Monday, October 23, 2017
8:30 AM
555 Fourteenth Street, NW, Room 1253
Thesis Advisor
Lewis Wheaton, PhD
School of Biological Sciences
Committee Members
Mindy Millard-Stafford, PhD (Biological Sciences)
Boris Prilutsky, PhD (Biological Sciences)
Teresa Snow, PhD (Biological Sciences)
Steven Wolf, PhD (Biological Sciences)
Neurobehavioral Quantification of Transition to Explicit Awareness in Skilled Motor Learning:
Implications for Rehabilitation
We often take for granted the ability to learn and execute sequential movements in a smooth, automatic manner on a continual daily basis. Unfortunately, many patient populations exhibit deficits in motor learning, impairing the ability to develop such sequential motor skills. Understanding the individual neural progression associated with sequential learning in healthy individuals may provide valuable insights of motor learning as well as identify factors that can impede learning. Recent studies have indicated potential therapeutic benefits to the incidental development of explicit awareness during a motor learning task, but have not addressed the potential confound of variability in individual learning rates.

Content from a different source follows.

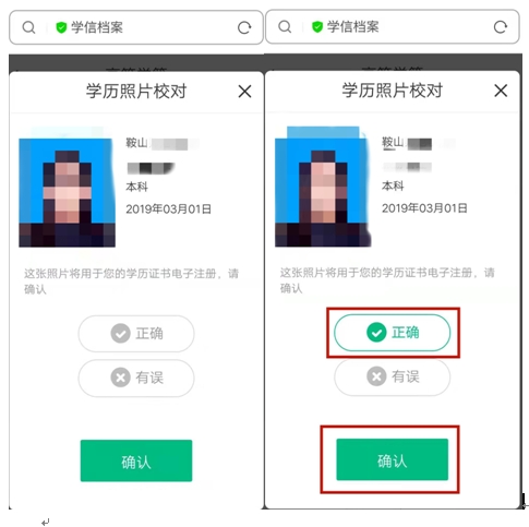 6、如無誤,請?jiān)趯W(xué)歷照片處點(diǎn)擊確認(rèn),然后告知自己的班主任,已完成圖像校對。如有誤,請第一時(shí)間聯(lián)系自己的班主任。

We identified an individualized indicator of incidentally developed explicit awareness to more precisely examine the neurobehavioral changes associated with sequential motor learning to a level of explicit awareness. EEG results revealed the presence of a facilitative frontoparietal network for subjects demonstrating awareness, that was not present for those failing to develop awareness. Additional neurobehavioral correlations provided evidence for the impact of working memory on the ability to acquire initial explicit awareness, and the impact of learning strategy on the ability to successfully transfer the newly learned skill to a novel, more complex motor task. Finally, a multimodal approach examined eye-tracking, kinematics and neural activity changes for prosthesis users and intact control subjects when learning a sequential motor task. Prosthesis users demonstrated neurobehavioral patterns reflective of enhanced visual reliance for motor control, impacting motor learning progression. It was additionally noted that prosthesis users developing awareness appeared to engage in behaviors which introduced additional sensorimotor information relevant to motor learning. The individualized approach in the presented work provide insight into rehabilitative interventions with which to assist individuals experiencing motor learning deficits.